Questo artista e attivista noto in tutto il mondo, nel 2011 è stato detenuto dal governo cinese per più di due mesi, senza alcuna accusa a carico e vedendosi ritirare il proprio passaporto.

Questo avvenimento ha posto in luce, ancor più chiaramente, il forte potere esercitato dallo Stato cinese, un potere da cui non si è immuni neanche avendo fama e riconoscimento internazionale (Zhang, 2014).

Tuttavia, non si può negare che gli artisti oggi siano molto più liberi di un tempo. Essi possono ora produrre quasi tutto ciò che vogliono (senza però minare il potere statale) e hanno modo di farsi strada nel mondo e nel mercato dell‘arte tanto nazionale quanto internazionale. Essi possono oggi produrre persino opere dal carattere politico, sempre che non critichino o condannino apertamente il Partito o i suoi capi, anche se, esercitando il governo il controllo su canali di esposizione, circolazione e pubblicazione, opere controverse hanno poche possibilità di essere esposte o di circolare all‘interno del Paese (Zhang, 2014).

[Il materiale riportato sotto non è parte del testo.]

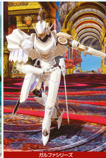
ガルファンシリーズ
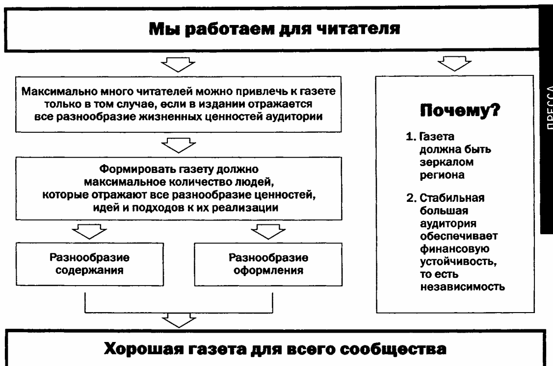
Рисунок 3. Идеология работы в команде
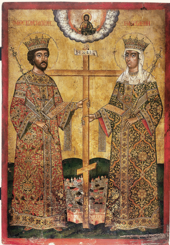
Άγιοι Κωνσταντίνος και Έλένη, 17 ος αί.

Φυλάσσεται στο Έθνικό Μουσείο Τέχνης τής Ρουμανίας
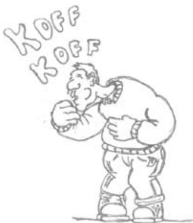
Avtor ilustracije: Jure Simič

V roku okvirno 6 mesecev bomo pripravili prednostno listo vseh upravičencev in individualne akte o (ne)uvrstitvi. Po pritožbenem postopku (okvirno 3 mese-
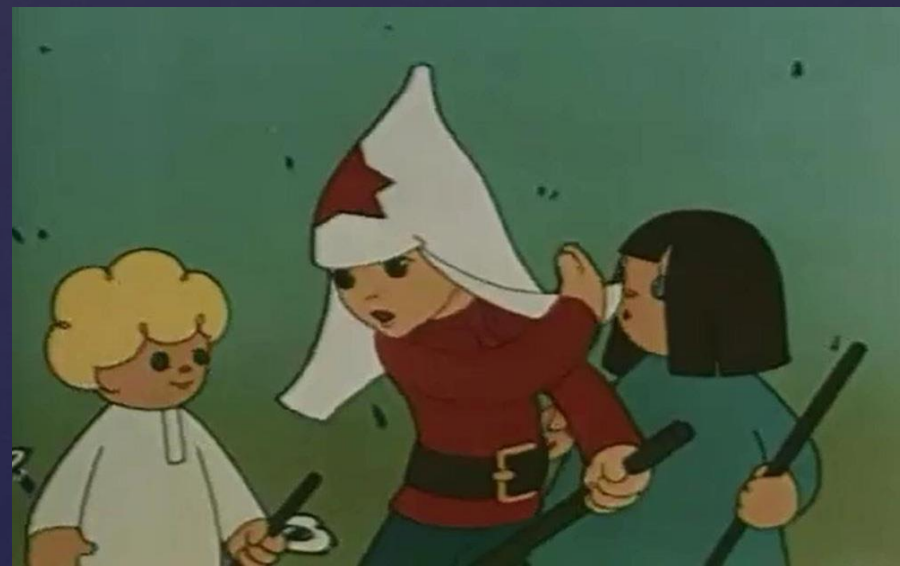
«Сказка о Мальчише-Кибальчише», мультфильм 1958 года
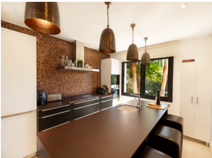
Küche mit Bar
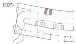
PISO CAVE -1 BASEMENT FLOOR -1
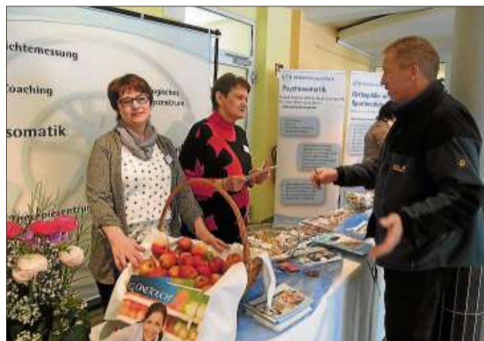
Beratung am Stand der Median-Kinzigtalklinik.
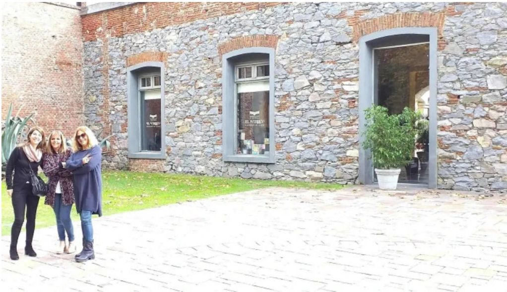
Basilico comentario 7
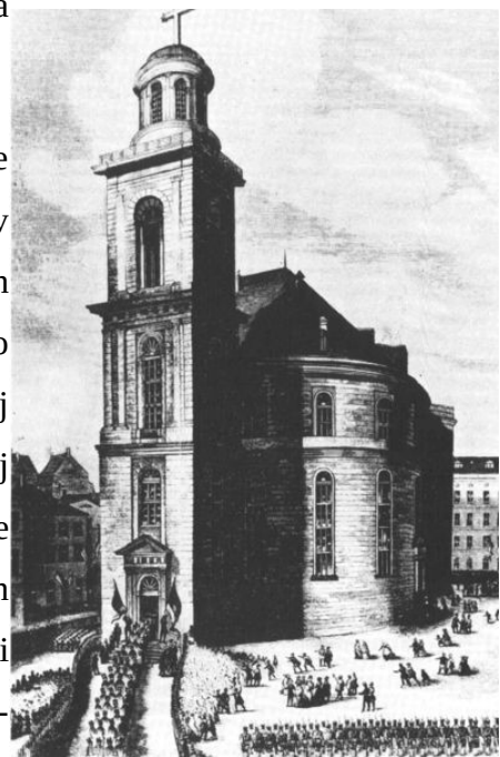
Slika 3: Prihod poslancev v Pavlovo cerkev

Že kmalu po prvem, sicer kaotičnem sestanku, se je vsa množica poslancev uredila. Sestajati so se začeli v klubih, ki so služili kot debatne skupine podobno mislečih in so se kasneje razvili v parlamentarne skupine. Te pa so se zaradi nestabilnosti povezale v tri večje "kampe". Kriterij za povezovanje je bil politična opredeljenost, še posebej opredeljenost do ustave. Prvi kamp je nosil ime Demokratična levica in je bil sestavljen iz zmernih in skrajnih levičarjev. Nadalje je bila tu Liberalna sredina, ki je združevala levo in desno-sredinske politike (klub Casino-desničarji in Württemberger Hof-levičarji). Tretji klub je nosil ime Konzervativna desnica in so ga sestavljali protestanti in konzervativci.

Il complesso rapporto esistente tra arte e potere politico dipende dal fatto che lo Stato necessiti dell‘arte, ma allo stesso tempo restringa e limiti la creatività degli artisti. Per questo, esso ha non solo dato vita a nuovi istituti artistici nazionali, ma ha anche permesso la creazione di distretti artistici fornendo agli artisti un ambiente dove poter vivere e lavorare. Esso tuttavia, pur avendo diminuito il proprio controllo sulla produzione artistica, non ha mai fatto venire meno la propria autorità, e ha anzi utilizzato i propri artisti per creare una certa immagine del Paese a livello internazionale, riuscendo quindi a mantenere il controllo e il proprio potere, pur concedendo maggiori libertà.